At this moment of the afternoon the great church almost cheated one into the belief that it was possessed of a life of its own. It lay, as I say, couched in its natural hollow, basking under the dark dome of the heavens like some half-fossilized monster that might at any moment stir and awaken out of the swoon to which the wand of the enchanter had committed it. (
All Hallows
)
What an odd world, to those of us with traditional Christian beliefs, is this world of Mr de la Mare’s: the world where the terrible Seaton’s Aunt absorbs the living as a spider does and remains alive herself in the company of the dead. ‘I don’t look to flesh and blood for my company. When you’ve got to be my age. Mr Smithers (which God forbid), you’ll find life a very different affair from what you seem to think it is now. You won’t seek company then, I’ll be bound. It’s thrust on you’; the world of the recluse Mr Bloom, that spiritualist who had pressed on too far ignoring the advice that the poet would have given him.

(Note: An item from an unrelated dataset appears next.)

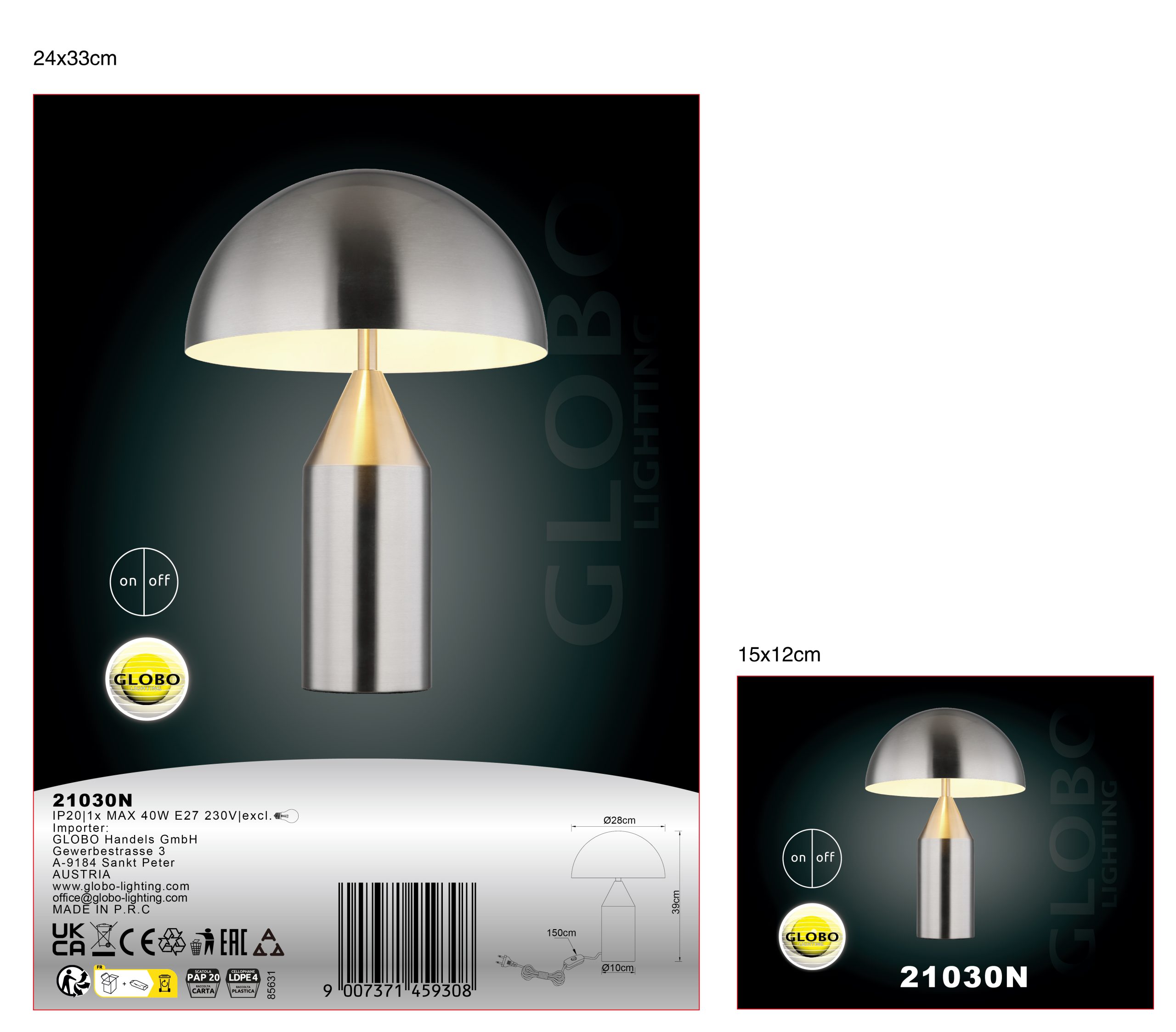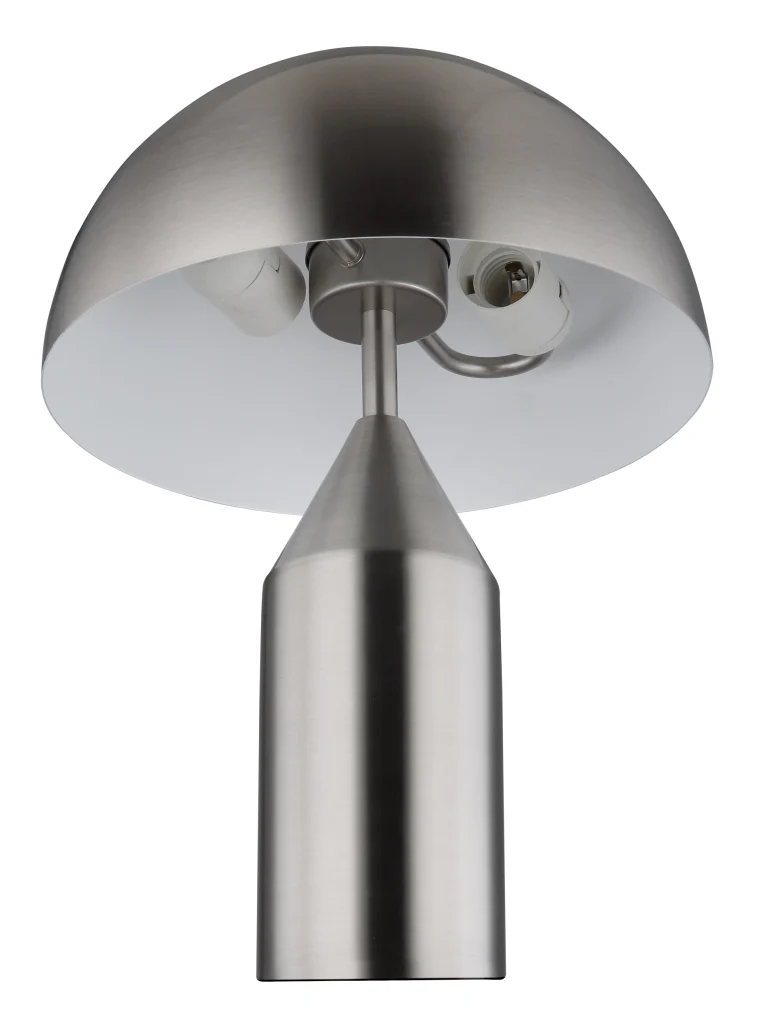 Stona lampa sa cilindričnom osnovom i polukružnim abažurom je moderno i stilsko rešenje za osvetljenje svake prostorije. Napravljena od mat niklovanog metala, stona lampa se predstavlja u šik i bezvremenskom dizajnu. Abažur od mat nikla i belog mat metala obezbeđuje prijatnu difuziju svetlosti i skladan izgled. Sa dva E27 grla, ova stona lampa nudi fleksibilnost u izboru sijalica. Sa prečnikom od 280 mm i ukupnom snagom od 40 W, ova svetiljka pruža dovoljnu osvetljenost za različite primene. Praktični prekidač na kablu olakšava upotrebu. Ova stona lampa kombinuje funkcionalnost i estetiku, što je čini atraktivnim dodatkom svakoj dnevnoj sobi ili radnoj sobi.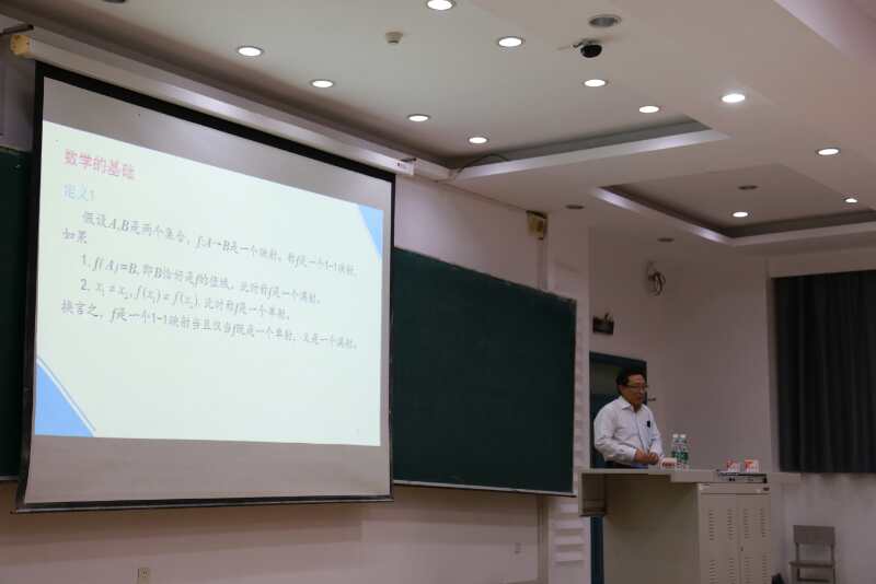 李辉来院长就“数学的基础”、“数学的质量”、“身边的数学”、“数学的基数”、“数学的道理”、“数学的电影”六部分进行讲解。“数学的基础”部分,李院长引用生活中的实例推广到无穷向同学们论述了数学上的基础概念“多与少”并提出:无穷是数学的基础和本质,是数学味道的精髓。

Bethink thee: every enticing league thou wend
Beyond the mark where life its bound hath set
Will lead thee at length where human pathways end
And the dark enemy spreads his maddening net.
How wrong, however, it would be to give the impression that Mr de la Mare is just another, however accomplished, writer of ghost stories, yet what is it that divides this world of Mr Kempe and Mr Bloom and Seaton’s Aunt, the dubious fellow-passenger with Lavinia in the train, the stranger in Crewe waiting room from the world of the late M. R. James’s creation – told by the antiquary? M. R. James with admirable skill invented ghosts to make the flesh creep; astutely he used the image which would best convey horror; he was concerned with truth only in the sense that his stories must ring true – while they were being read. But Mr de la Mare is concerned, like his own Mr Bloom, to find out: his stories are true in the sense that the author believes – and conveys his belief – that this is the real world, but only in so far as he has yet discovered it. They are tentative. His use of prose reminds us frequently of a blind man trying to describe an object from the touch only – ‘this thing is circular, or nearly circular, oddly dinted, too hard to be a ball: it might be, yes it might be, a human skull’. At any moment we expect a complete discovery, but the discovery is delayed. We, as well as the author, are this side of Lethe. When I was a child I used to be horrified by Carroll’s poem
The Hunting of the Snark
. The danger that the snark might prove to be a boojum haunted me from the first page, and sometimes reading Mr de la Mare’s stories, I fear that the author in his strange fumbling at the invisible curtain may suddenly come on the inescapable boojum truth, and just as quickly vanish away.
For how they continually seek their snark, his characters – in railway trains, in deserted churches, even in the bars of village inns. Listen to them speaking, and see how all the time they ignore what is at least a fact – that an answer to their question has been proposed: how intent they are to find an alternative, personal explanation: how they hover and debate and touch and withdraw, while the boojum waits.